Um ein differenziertes Bild über den ökologischen Zustand der Schweizer Bäche zu erhalten, wurden 99 Bäche des Mittellandes, Teilen des Juras und der Talebenen grösserer Täler beprobt. Die Studie wurde gemeinsam durchgeführt von der VSA-Plattform Wasserqualität, der Eawag und der Universität Zürich. Die Resultate wurden kürzlich in der Fachzeitschrift Aqua & Gas veröffentlicht.
Die Auswahl soll ein möglichst unterschiedliches Ausmass menschlicher Einflüsse abdecken. Als Indikatoren für die Beurteilung wurden Fische und Makrozoobenthos gewählt. Unter Makrozoobenthos werden mit blossem Auge sichtbare, wirbellose Organismen am Gewässergrund zusammengefasst. Einzelne Arten dieser Gemeinschaft reagieren sehr empfindlich gegenüber Veränderungen in ihrer Umwelt, zum Beispiel auf Schadstoffe oder Verbauungen im und am Gewässer oder auf die Landnutzung im Einzugsgebiet. Die Diversität der kleinen Tiere ermöglicht daher wichtige Rückschlüsse auf die Wasser- und Gewässerqualität.
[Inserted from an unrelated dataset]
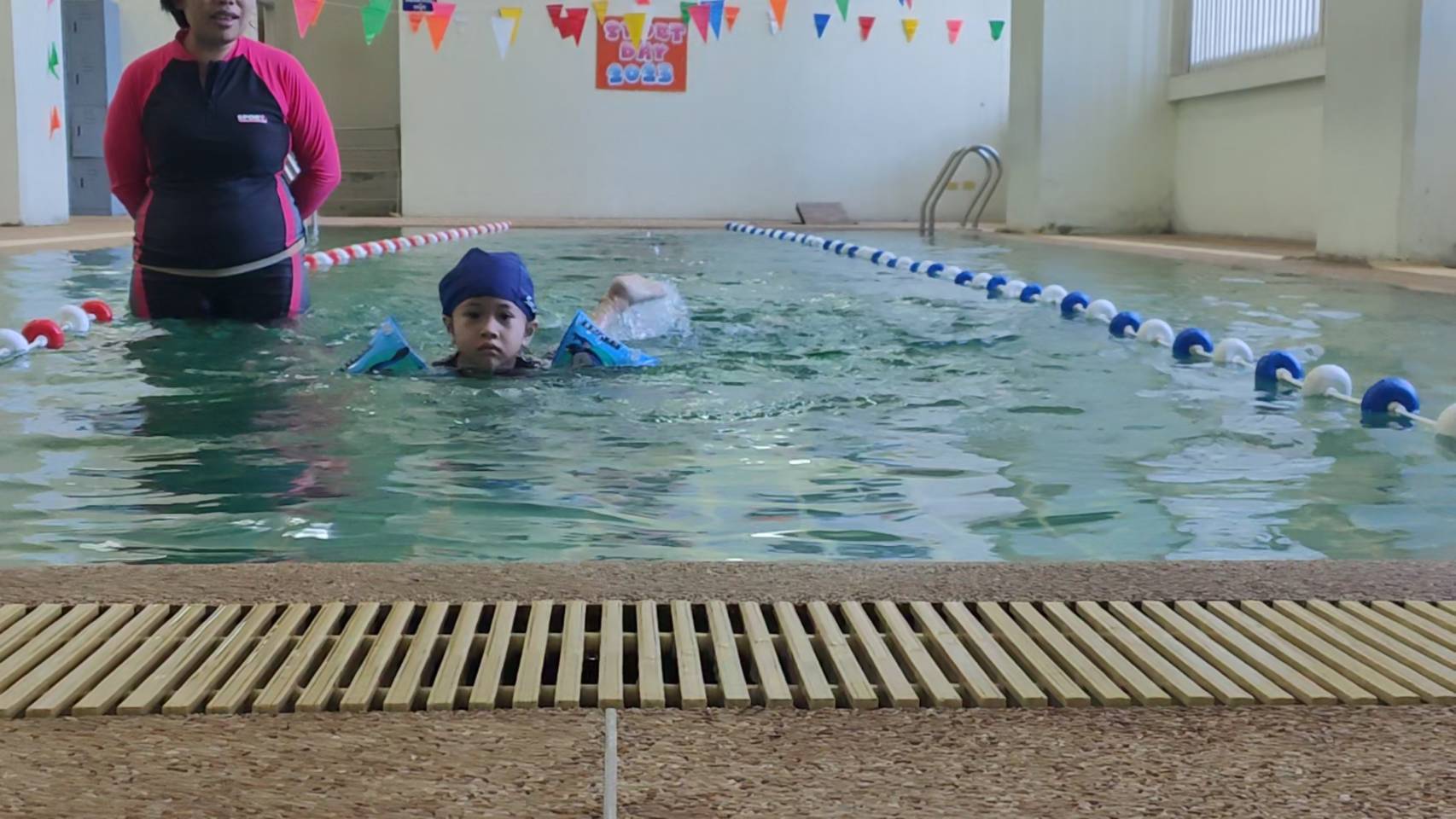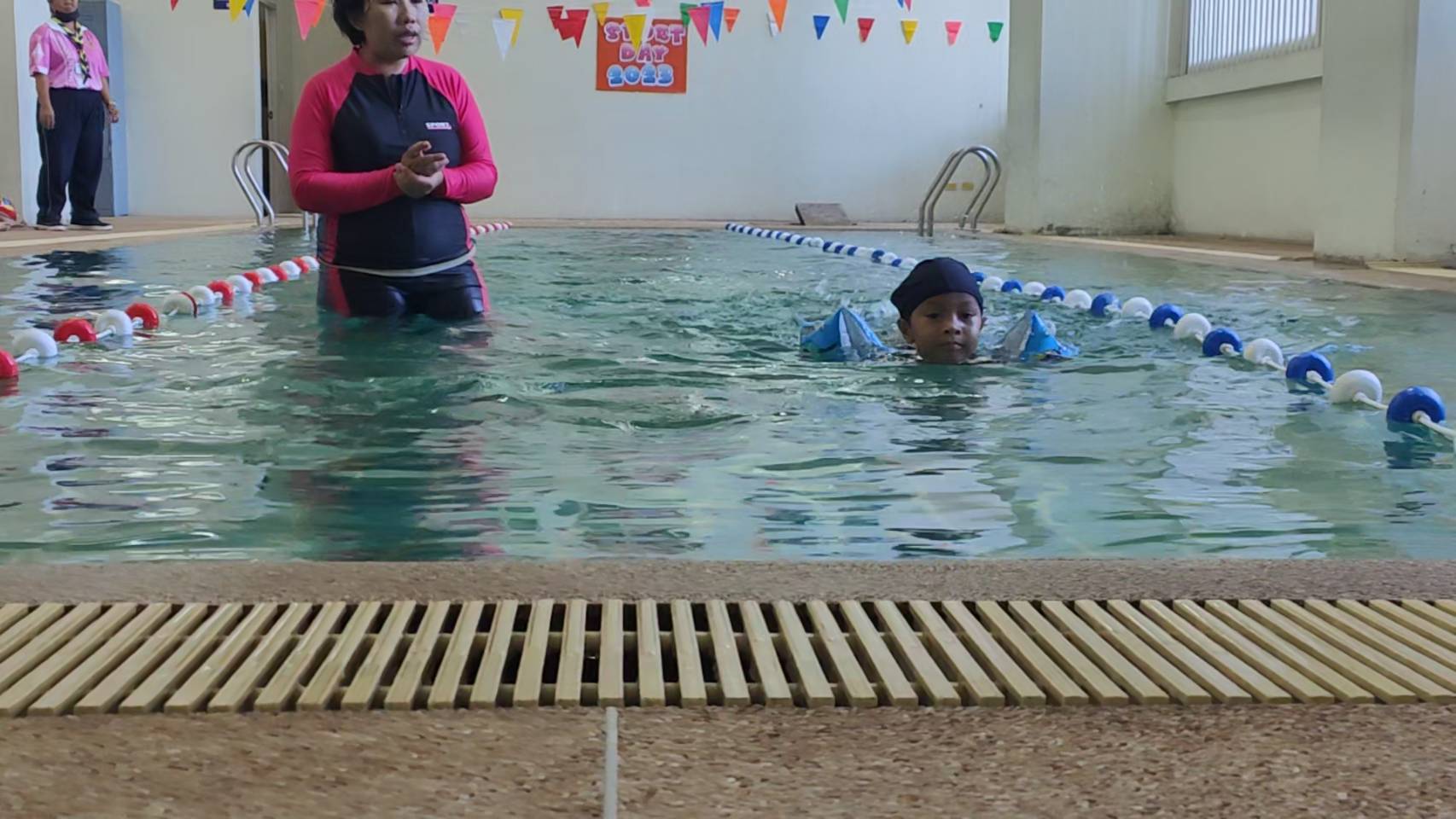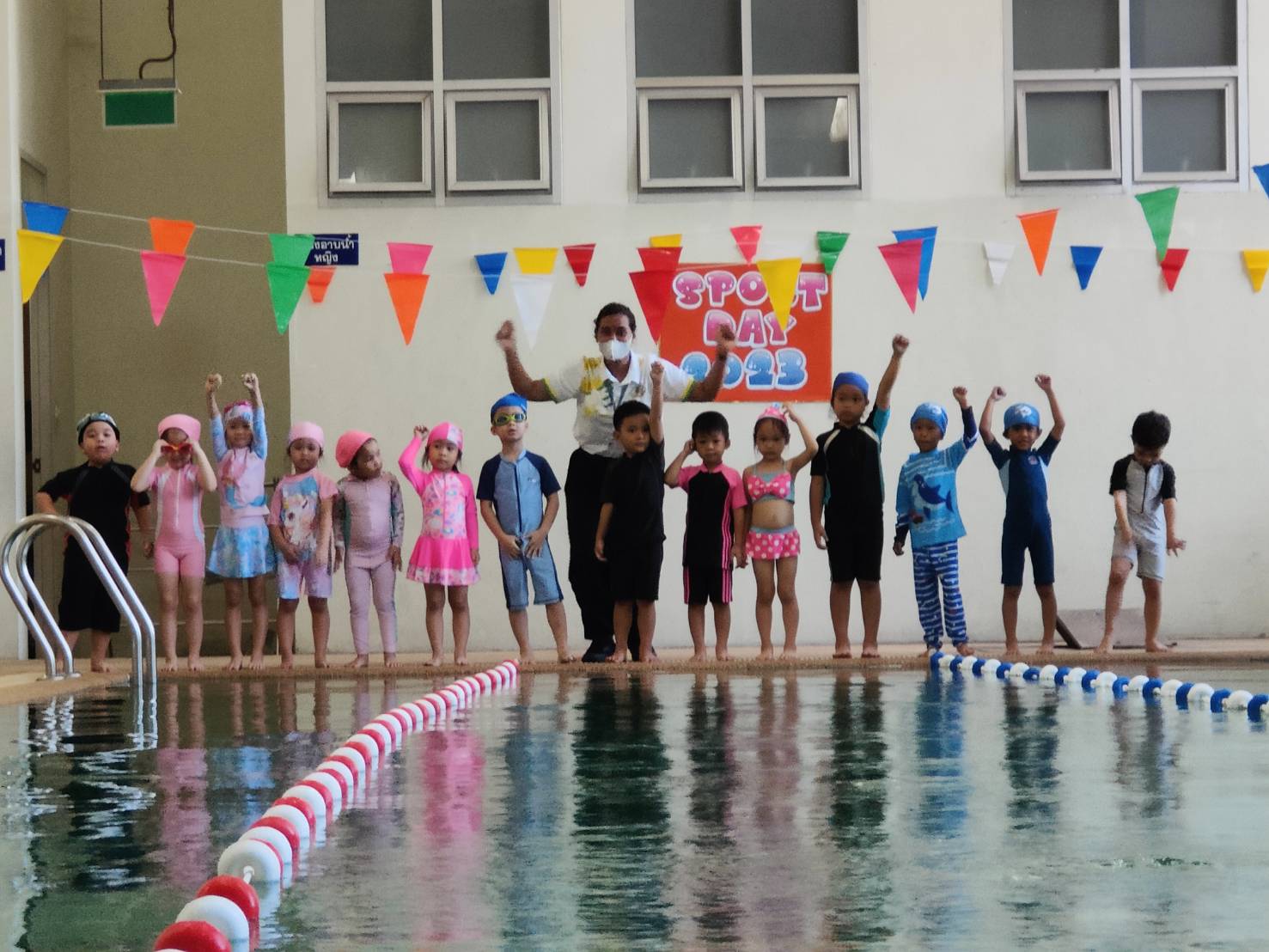 นักเรียนระดับชั้นอนุบาล 1-3ร่วมกันแข่งขันกีฬาว่ายน้ำ ประเภทหญิงเดี่ยวและชายเดี่ยว ณ สระว่ายน้ำ อาคาร 50 ปี

Nur etwa 20 Prozent in naturnahem Zustand
Die Untersuchungen des Makrozoobenthos und der Fische zeigen, dass die in früheren Studien dokumentierten grossen Belastungen kleiner Fliessgewässer mit Pestiziden aus der Landwirtschaft zum Fehlen von empfindlichen Insekten in den Gewässern führen. Die Mehrheit der untersuchten Bäche kann ihre Funktion als Lebensraum für Tiere nur eingeschränkt erfüllen. An knapp 80% der Stellen ist eine Beeinträchtigung dieser Wasserlebewesen durch menschliche Einflüsse sichtbar. Nur an etwa 20% der Stellen ist die Lebensgemeinschaft naturnah und standortgerecht.
Die Studie bestätigt somit, dass die Insektengemeinschaften in einem grossen Teil der Schweizer Bäche mit einer zu hohen Pestizidbelastung und einem schlechten ökomorphologischen Zustand stark gestört sind. Sie unterstreicht damit die Dringlichkeit von Massnahmen zum Schutz und zur Aufwertung dieser Gewässer. Eine Reduzierung der menschlichen Einflüsse ist entscheidend, um die Lebensräume für Tiere zu erhalten und die Biodiversität zu schützen.